Но Фетев твердо произнес:
– Вы подтверждаете свои показания, гражданка Круглова?
Плечи ее еще больше задрожали, а глаза по-прежнему оставались неподвижны, она молчала.
– Да или нет? – Теперь уж голос Фетева обрел упругую силу.
Тут Вера Федоровна словно бы очнулась, решительно повернулась к Антону, но он мог поручиться – она его не видела, лицо ее пошло красными пятнами.
– Да-а! – вскрикнула она, и голос ее взял высокую ноту, но тут же сорвался.– Да, да!
Антон хотел было вскочить, однако его крепко за плечи прижали к стулу. Он видел – совершается несправедливость, свершается на его глазах казнь человеческой души, то была пытка не над ним, а над Кругловой. Антон готов был всех раскидать, лишь бы освободить эту женщину, но его держали умело. Круглову увели.
Лишь когда Антона снова водворили в следственный изолятор, он сообразил: для него самого все погибло, потому что совесть, обитавшая в женщине, которой он верил, казнена на его глазах.
Потом много раз – и в следственном изоляторе, и когда его переправляли этапом в колонию, и более всего в самой колонии – он раздумывал: как могло все это случиться? Может быть, истинный ответ не в самом происшествии, а во всей его жизни, сложившейся не так, как ему задумывалось в юности?
Пожалуй, он впервые ощутил всерьез запах надвигающихся неудач, когда ему пришлось уходить из флота, хотя и прежде догадывался – плавать ему не до старости.
Антон знал – судовой врач, мучающий себя йогой, скуластый, загорелый, с беспощадной белоснежной улыбкой, не врет, он вообще придерживался мнения: больному надо говорить чистую правду, и если он ее будет знать, легче соберет силы для сопротивления. Неясность только туманит рассудок.
Так вот, этот самый док сказал: списывайся и дуй домой, ложись на операцию, а когда выйдешь из больницы, про море забудь, ищи себе место на суше, да там, где побольше чистого воздуха. Это было, когда они подходили к Сиднею. Честно говоря, Антон и сам догадывался – ему пора кончать с болтанкой по морям да океанам, его иногда так мутило и такая резь начиналась в животе, что все вокруг окрашивалось в желтый цвет с рыжими разводами.

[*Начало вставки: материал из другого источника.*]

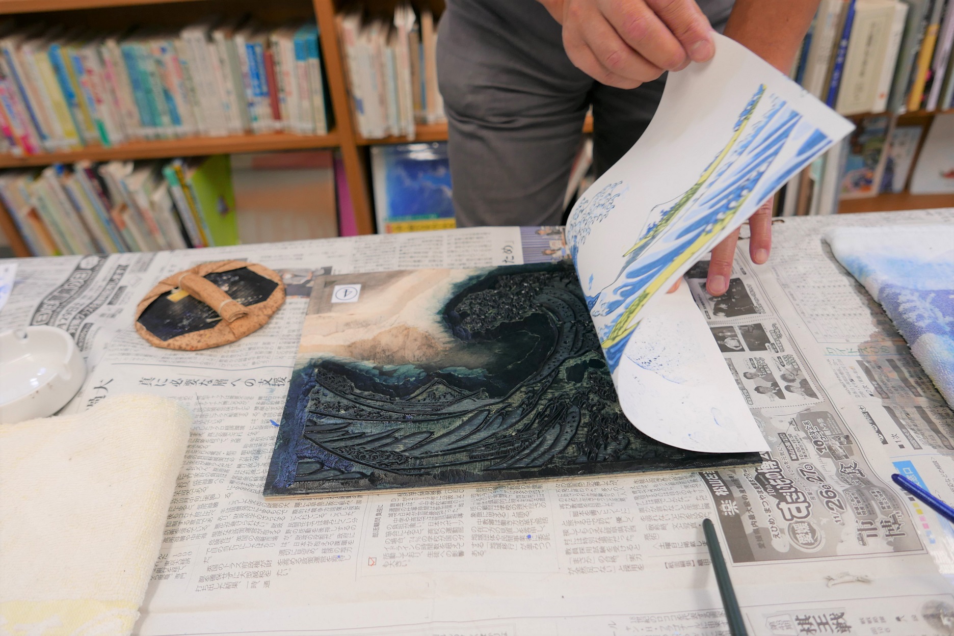 「神奈川沖浪裏」の摺り体験を行います。
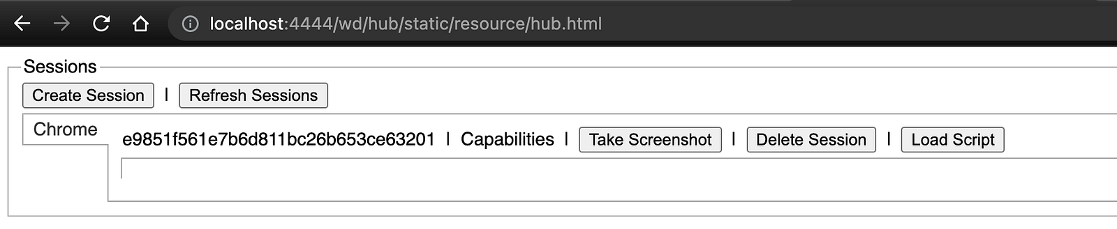 Let’s run the tests now, I will do that by doing node test.js , then head over to http://localhost:4444/wd/hub/static/resource/hub.html and you will see a Chrome session being created that is running inside your Docker container.

Он упаковал чемоданы, прошел, прощаясь, по каютам штурманов, с кем проработал несколько месяцев в плавании, а потом самолетом вылетел в Брисбен, откуда на «Арсеньеве» его должны были доставить во Владивосток.
«Арсеньев» стоял у причала на реке километрах в двадцати от города. Был декабрь – начало лета в Австралии. Команда изнывала от тоски – люди плавали шесть месяцев, и воем нестерпимо хотелось домой, но австралийские докеры не очень-то спешили. Вахрушев не мог смотреть, как они работали, ворчал, что секунд на этом пароходе, отвечающий за погрузку, уж очень либеральничает, а докеры то и дело устраивали кофе-тайм, но пили они вовсе не кофе: уходили в небольшой деревянный отель, там внизу был обширный зал с двумя бильярдными столами и длинная стойка, где продавали светлое пиво «ХХХХ» с хрустящим картофелем.